Canute and the river
Click here for a fascinating explanation and video by Paul Gaskell and the Wild Trout Trust on the real impact of dredging.
Paul used an Emriver kit (fluvial geomorphology in a box!) to replicate the impact of dredging a stable stream. As Paul’s film so clearly shows, dredging drastically de-stabilises a river not only at the dredged site, but a long way up and downstream of the site too.
I’ve been on an anti-dredging rant lately, ever since the government announced a plan to relax by-laws that protect small rivers from zealous farmers with diggers. A river is a dynamic entity, not a long bucket. It is dynamic because it flows, taking with that flow silt and sand and gravel which forms the shape of the channel. But it is also stable because there is a balance between the volume and speed of the water and the natural size of the channel.
So, as Paul’s film shows, when material is removed to make a section of river deeper and wider, that transformation creates a demand for material (to re-set the balance) which is pulled from upstream, and continues to be pulled until the river re-stabilises itself. At the same time, while the dredged section is re-forming, re-balancing its deficit if you like, the natural flow of material downstream is cut off: forcing the river to pull material from the river banks. The up and downstream erosion continues until the river has repaired the damage caused by the dredging.

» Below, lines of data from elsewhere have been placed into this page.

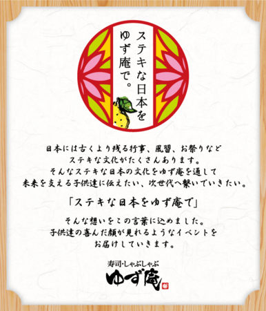 『ゆず庵』では「ステキな日本をゆず庵で。」というお子様向けのイベントを毎月開催しております。和食のみならず、日本の良き文化を、『ゆず庵』を通じてお子様に知ってもらう機会を作りたいという想いから始まりました。未来を担うお子様たちの心に、ステキな日本が伝わり伝承されていくきっかけをゆず庵から発信してまいります。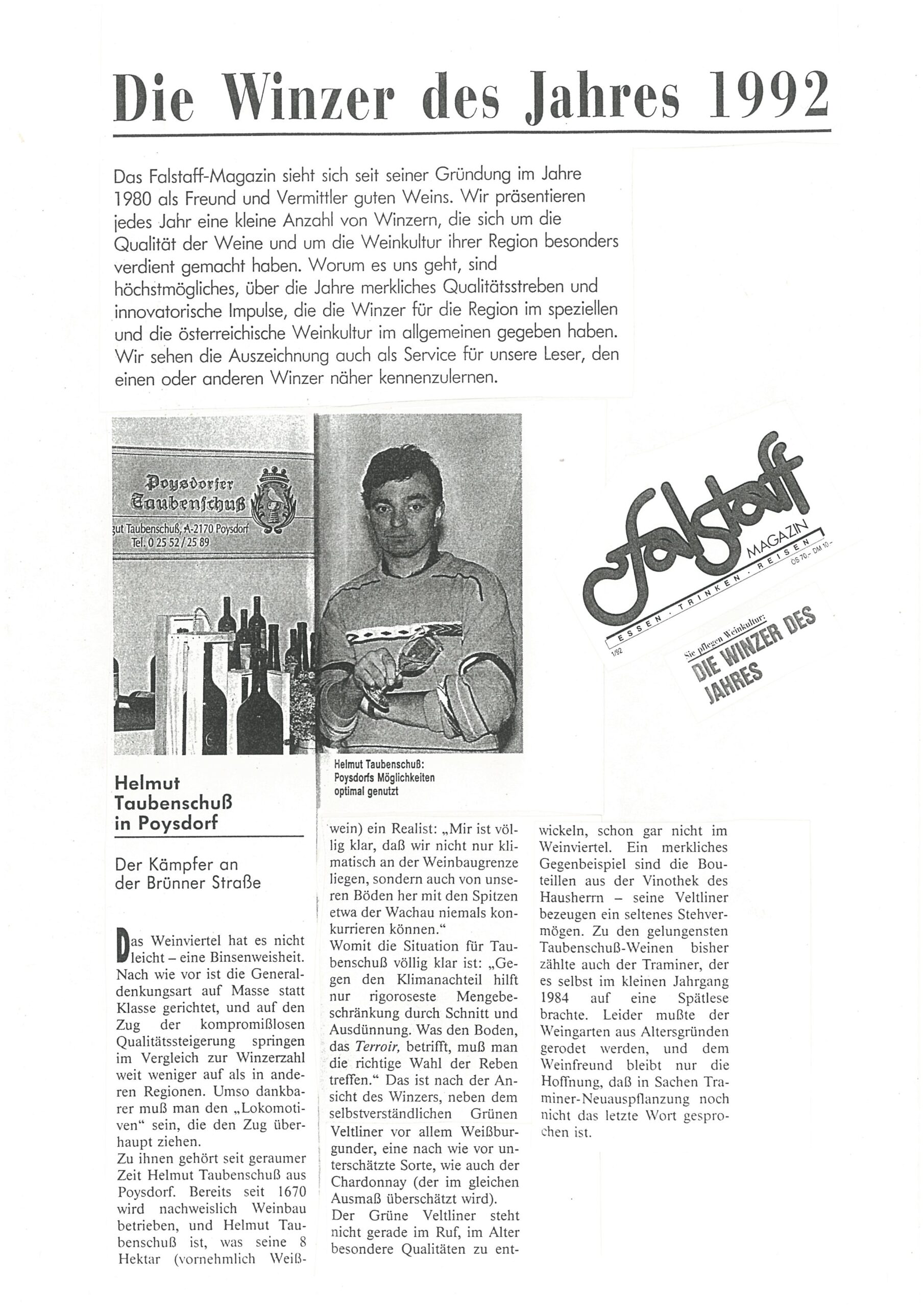 Erster, komplett in Eigenregie von Markus Taubenschuss produzierter, Blanc de Blancs Sekt wird auf den Markt gebracht. Dieser erhält auf Anhieb höchste Auszeichnungen.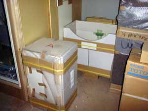 洗面台もユニットの中に入っていました。洗面のボールを受ける台と吊戸です。 (写真0117-1924) |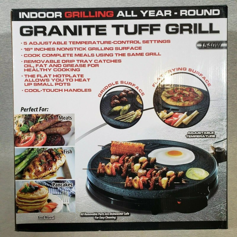 Granite Tuff Indoor Grill 16" Round Electric w Nonstick Surface Dishwasher Safe 5 Adjustable temperature control settings 16" (40.6 cm) nonstick grilling surface Cook complete meal using the same grill Removable drip tray catches oil, fat and grease for healthy cooking The flat hotplate allows the heating of small pots Cool-touch handles 1540 watt power rating All removable parts are dishwasher safe for easy cleaning Shipping weight is 8 pounds Ships in manufacturer's packaging (not reboxed) |
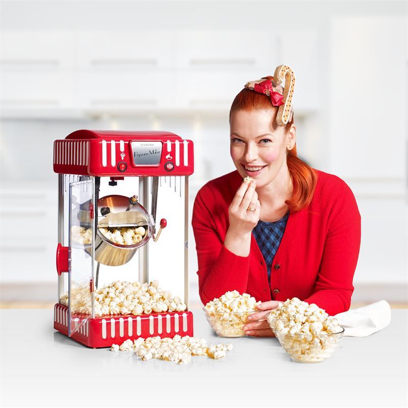 Klarstein zariadenie na popcorn ponúka nielen vôňu, ale aj chuť ako v zábavnom parku alebo v kine. Zariadenie Vás už za niekoľko minút bude rozmaznávať hotovým (podľa želania tiež sladeným alebo soleným) popcornom a prebudí vo Vás pozitívne spomienky spojené s príchodom do kina. Po krátkom rozohriatí, s trochou oleja a lyžicou popcornovej kukurice popcorn voňavo poskakuje v nádobe a vyskakuje z nerezového hrnca.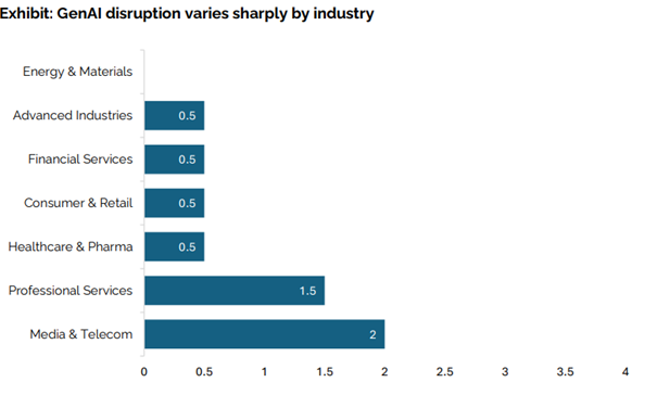 MIT’s research scored the healthcare and pharma industry just 0.5 out of a possible 5 for Gen AI disruption, on factors include emergence of new AI-driven business models and changes in user behaviour attributable to GenAI, including cognitive off loading and automation bias, even by users considered experts in their fields.

High energy rivers can repair themselves quite quickly, but will cause unpredictable damage in the process.
Chalk-streams cannot. They are such low energy rivers, formed originally by forces that will never re-occur this side of an ice age, that the damage caused by dredging can be fatal to the habitat of the river. The more drastically dredged chalk streams in East Anglia for example, which we are trying to restore through the Norfolk Rivers Trust, are permanently unstable. The rivers have only sand and silt to work with nowadays as they try, year after year, to recreate the stable state they once had. And then, on a routine basis, this material is removed (sometimes in the name of weed control, although the weeds only need controlling because the river is filling with silt) and the process begins again.